Support numbers are listed here - https://www.vmware.com/support/phone_support.html. Are you working with a VMware account manager or partner?

Reply
0 Kudos
wrf3f34ff
Enthusiast
Enthusiast

Support numbers are listed here - https://www.vmware.com/support/phone_support.html.

"VMware technical phone support is available to customers covered by Platinum (24x7) and Gold (12x5) support contracts."

Are you working with a VMware account manager or partner?

Not yet, my general inclination is to avoid "account managers" like the plague. But in this case, my general inclination is clearly wrong, so we'll start there and see how far we get.

Reply
0 Kudos
wrf3f34ff
Enthusiast
Enthusiast

Just to follow up on this for the benefit of future searchers, we had no response on this from either VMware sales or support. The problem remains unresolved and we've given up.

I hope the next person who encounters it will have better luck.

Also for the benefit of searchers, the problem NIC is sometimes AKA the Intel "80003ES2LAN Gigabit Ethernet Controller." The only workaround is to disable the onboard NIC and use something else, if that's an option for you.

Reply
0 Kudos
elazar
Enthusiast
Enthusiast

Did you check /var/log/messages for anything when the nic went down? Just wondering if this is your issue: http://kb.vmware.com/kb/1004650. Just to note, the header on the e1000 source for ESXi is dated 2006...

Reply
0 Kudos
Falx
Contributor
Contributor

I had very similar problem on my Supermicro 6025B-3V platform (X7DB8 motherboard according to ESXi information) with 2x 80003ES2LAN NIC onboard. ESXi 3.5 U2 were dropping incoming arp packets on 1st port so I was able to use this port only when set static arp on source computer (or ping client computer from service console - means adding MAC to its arp table).

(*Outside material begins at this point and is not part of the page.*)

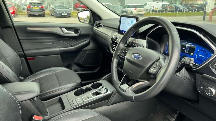 12.3" digital colour instrument cluster, Ford easy fuel, Ford SYNC 3 with 8" TFT LCD touchscreen, App Link, andriod auto/apple carPlay, emergency assistance and navigation with Ford pass connect, Front and rear parking sensors, Hands free power tailgate, Lane keeping aid with lane departure warning, Power assist steering, Rear view camera, Selectable drive modes, Service interval indicator, Standard suspension, Twist beam rear suspension, B&O premium audio system with 10 speakers and subwoofer, 2 USB ports, DAB radio/CD, Auto dimming rear view mirror, Auto headlamps with high and low beam, Auto wipers, Front LED fog lamps, LED daytime running lights, LED rear lights, Power folding heated door mirrors with puddle lights, Power front/rear windows with global close, Privacy glass, Quickclear heated windscreen, Rear spoiler, Silver roof rails, Third brake light, Twin exhausts, 10 way power adjustable drivers seat, 2nd row sliding seats with 60:40 split, 8 way manual passenger seat including lumbar support and height adjust, Ambient lighting, Centre console with electronic parking brake, Dual electronic automatic temperature control, Front and rear floor mats, Front and rear head restraints, Partial premium touch sensico leather upholstery with black cloth inserts, Rear charging point, Sports seats, 3x3 point rear seatbelts, Airbags - front driver/passenger, front and rear curtain, Drivers knee airbag, Electronic stability control (ESC) and ABS, Ford MyKey Gen 2 safety system, Manual child proof rear door locks, Post collision braking, Pre collision assist with autonomous emergency braking, Rear seat Occupancy alert, Tyre pressure monitoring system, Engine immobiliser, Keyless entry and Ford power start button (Keyless start), Locking wheel nuts, Remote powered central double locking doors, Thatcham category 1 alarm,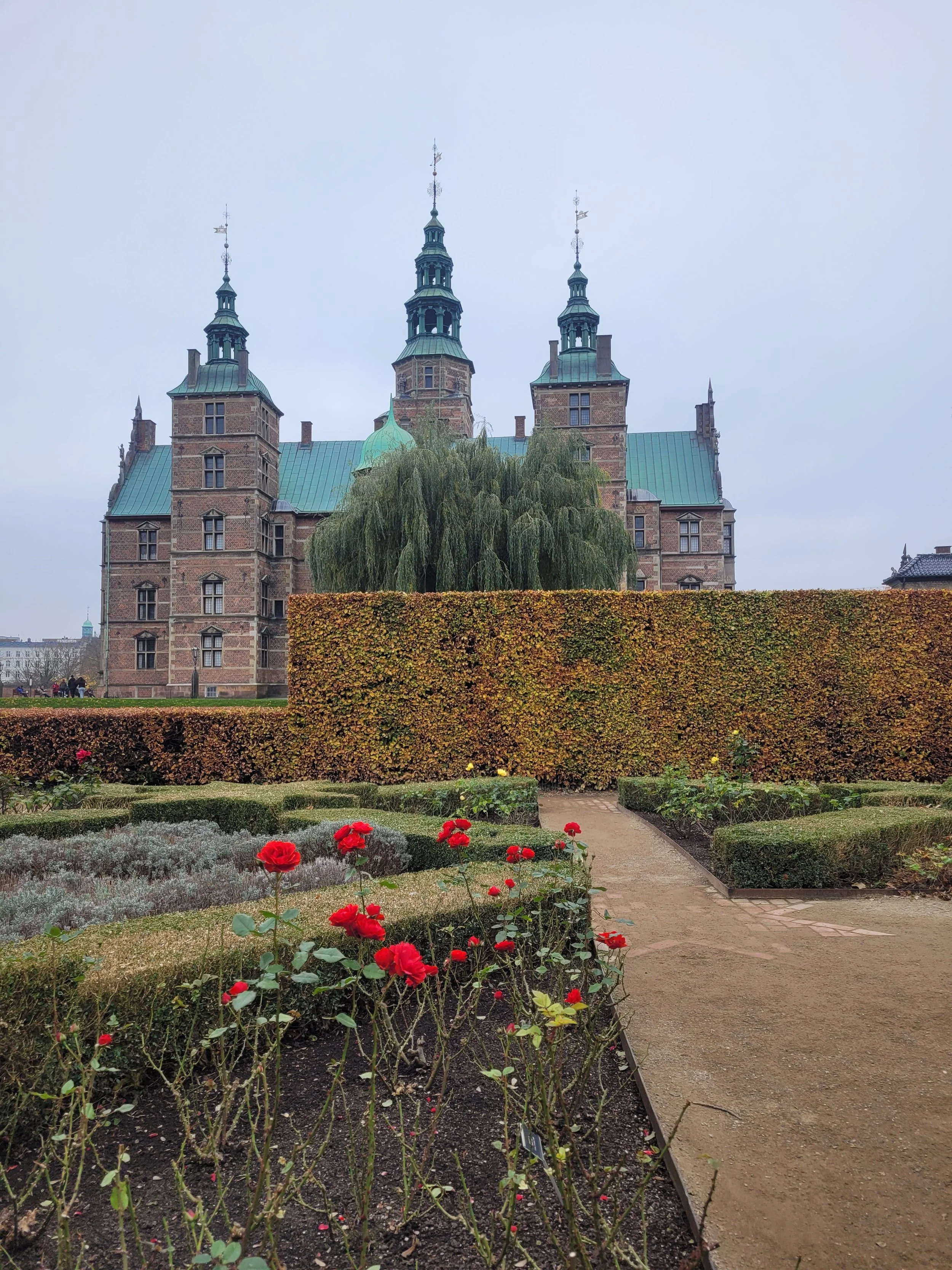 Dann machten wir uns auf den Weg zu Schloss Rosenborg, das idyllisch in einer der schönsten Parkanlagen der Stadt liegt – dem King’s Garden. Wir spazierten durch diesen weitläufigen Park, der sogar im Winter wunderschön war. Tatsächlich blühten sogar einige Rosen.

Same problem I observed when used on this server SLES 10 SP1 (with a bit outdated e1000 driver as well) and it was fixed by simple driver update for this NIC. I even found fix in driver sources which could solve this problem probably. SLES 10 SP2 comes already with updated driver and worked properly right out of box here.

But much later I discovered that true source of this problem wasn't with MB or integrated NIC, but in external 2x ports NIC (Intel PRO 1000 MT Dual Server - 82546 if I'm not wrong), which didn't worked properly by itself on this server (it's another story) and in additional somehow caused troubles with arp to intgerated NIC. Simply removed this additional NIC and all working fine now about month.

I have 2 fully equal servers and both had described issue. Of course now both are "fixed" by removing external NIC.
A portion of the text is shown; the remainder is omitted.